Find the slope of the line shown on the graph to the right.
Question content area bottom left
Part 1
Select the correct choice below and fill in any answer boxes within your choice.
A.
The slope of the line is enter your response here.
(Type an integer or a simplified fraction.)
B.
The slope is undefined.
.
.
.
Question content area right
Part 1
-8
8
-8
8
(−4,−3)
Without being able to see the graph, it is not possible to determine the slope of the line.
To find the slope of a line, we can use the formula:
Slope = (change in y-coordinates)/(change in x-coordinates)
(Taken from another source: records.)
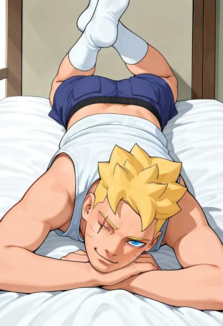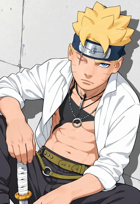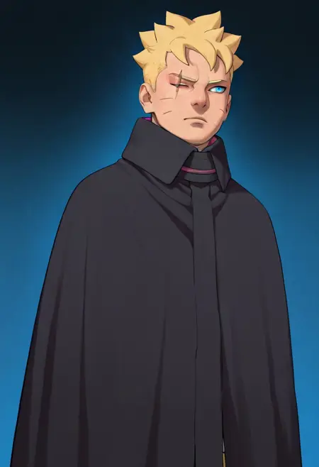 | 训练词汇 | Boruto, Blonde Hair, Blue Eye, One Eye Closed, Scar on Eye, Whisker Markings已复制! Black Jacket, White Shirt, Partially Open Shirt, Necklace, Glove On One Hand, Two Belts, Black Pants, Black Cloak, Open Toed Footwear, Forehead Protector, Marking on Chest已复制! |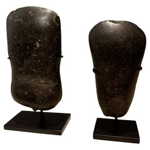 Two Black Basalt carved and polished Neolithic axe heads mounted on steel bases. These wonderful ancient objects are a testament to the artisans who created them, with the edges still sharp after 4000 years. These are beautiful and evocative pieces of sculpture.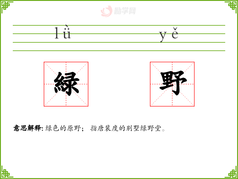 緑野的意思是:绿色的原野; 指唐裴度的别墅绿野堂。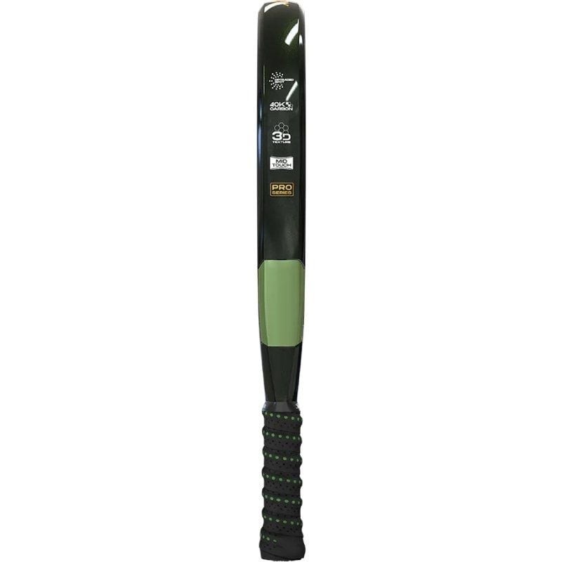 A raquete incorpora fibra de carbono 40K nas faces, um material elástico de alta densidade que oferece resposta imediata e precisa ao impacto. Sua estrutura de carbono 3K garante resistência e rigidez estrutural, enquanto o núcleo de borracha EVA macia proporciona uma sensação intermediária, ideal para manter o controle da bola sem comprometer a potência em golpes decisivos. O acabamento brilhante com textura 3D ajuda a gerar spin e aprimorar o controle em golpes técnicos.

Given the coordinates (-4,-3) and (8,8), we can calculate the changes:
Change in y-coordinates = 8 - (-3) = 11
Change in x-coordinates = 8 - (-4) = 12
Now, we can find the slope:
Slope = (11)/(12)
Therefore, the slope of the line shown on the graph is 11/12.
Answer:
A. The slope of the line is 11/12.
To find the slope of a line, you need two points on the line. In this case, the two points are given as (-4, -3) and (8, -8). The slope of a line can be calculated using the formula:
slope = (change in y) / (change in x)
To find the change in y (Δy), you subtract the y-coordinates of the two points:
Δy = -8 - (-3) = -8 + 3 = -5
To find the change in x (Δx), you subtract the x-coordinates of the two points:
Δx = 8 - (-4) = 8 + 4 = 12
Now, substitute these values into the slope formula:
slope = Δy / Δx = -5 / 12
Therefore, the slope of the line shown on the graph is -5/12.